Парамон вздыхал горестно: «Эгоцентрист ты, Женя. Может, я боялся за себя. Помрешь – что делать буду?»
– Исхудаешь, облохатишься без меня, – сочувствовал Евгений Васильевич, – будешь уже не Парамон, а блохоносец. Потребуются немалые средства на керосин, но есть и бесплатный способ – быстрое опаливание.
Кот улыбался на фоне ночного вспотевшего окна: «Ты уж не умирай, пожалуйста. Кому хочется тащить твою единственную медальку?»

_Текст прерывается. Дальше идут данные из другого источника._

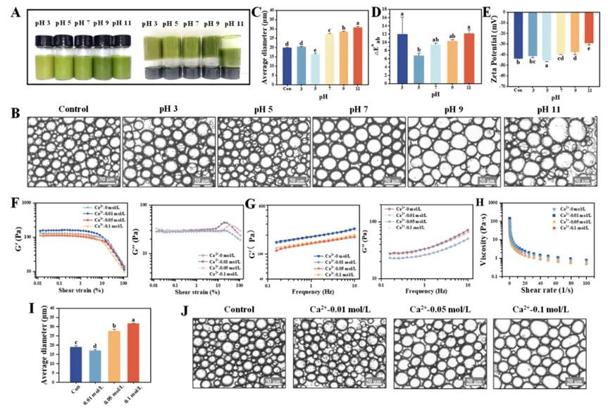Fig. 5. Characterization of UPEs synthesized under pH of 3, 5, 7, 9 and 11, respectively. (A) Macroscopic appearance, (B) optical microscope images, (C) average particle diameter, (D) chromatic aberration analysis, and (E) zeta potential measurement. Rheological properties including (F) strain amplitude sweep, (G) frequency sweep, and (H) shear rate dependence, along with (I) mean particle size distribution and (J) optical micrographs of UPEs fabricated with Ca2+ concentrations of 0.01, 0.05, and 0.1 mol/L. Statistical significance (p < 0.05) between experimental groups is denoted by distinct alphabetical superscripts.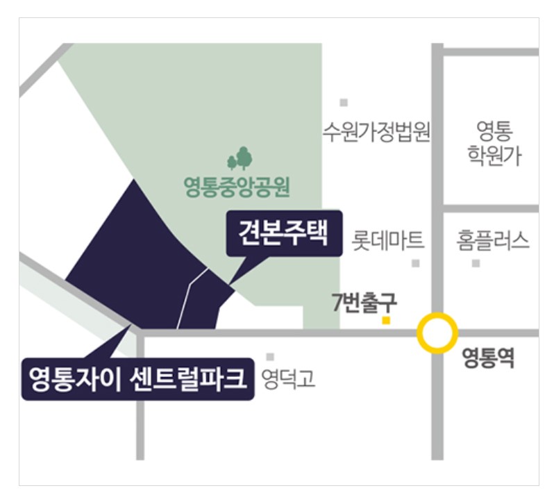 영통자이 센트럴파크는 교통, 학원가, 생활편의시설 등이 가까워 입지 환경이 좋은 것으로 알려져 있습니다. 가장 가까운 수인분당선 역통역은 도보로 7분 거리이며, 광역버스를 이용한다면 강남까지 1시간이면 도착할 수 있는 곳입니다.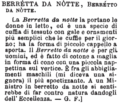 | Berretta da notte, Berretto da notte - La Berretta da notte la portano le donne in letto, ed è una specie di cuffia di tessuto con gale e ornamenti più semplici che le cuffie per il giorno; ha la forma di piccolo cappello a sporta. Il Berretto da notte è per gli uomini, ed è fatto di cotone a maglia in forma di cono con una piccola nappettina sul vertice. È fra gli abbigliamenti maschili (mi diceva una signora) il più spoetizzante. A un Ministro in berretto da notte si sentirebbe di far contro natura dandogli dell'Eccellenza. - G. F.] [immagine] |

Кошачья молчаливая мудрость успокаивала, стушевывала ужас неизбежной смерти. Однако обострившимся зрением Евгений Васильевич видел в своей болезни символ обреченности, растерянность и томление уже растекались в его сознании жирной сине-желтой кляксой.
На работе он по-прежнему скакал из отдела в директорскую приемную, скандально требовал замены темы, кричал в коридоре:
– Почему, если специалист готовился до революции, он классик и апологет, а если после – то сволочь и ретроград?!
Потом ухаживал за коллегой Наиной Бургановной – широкой женщиной с шоколадными глазами, которая считала свое впечатление о человеке последней истиной и поэтому ни с кем не могла поссориться: хорошим людям она нравилась, плохим – нет, но кто же в этом признается, зная о такой её репутации.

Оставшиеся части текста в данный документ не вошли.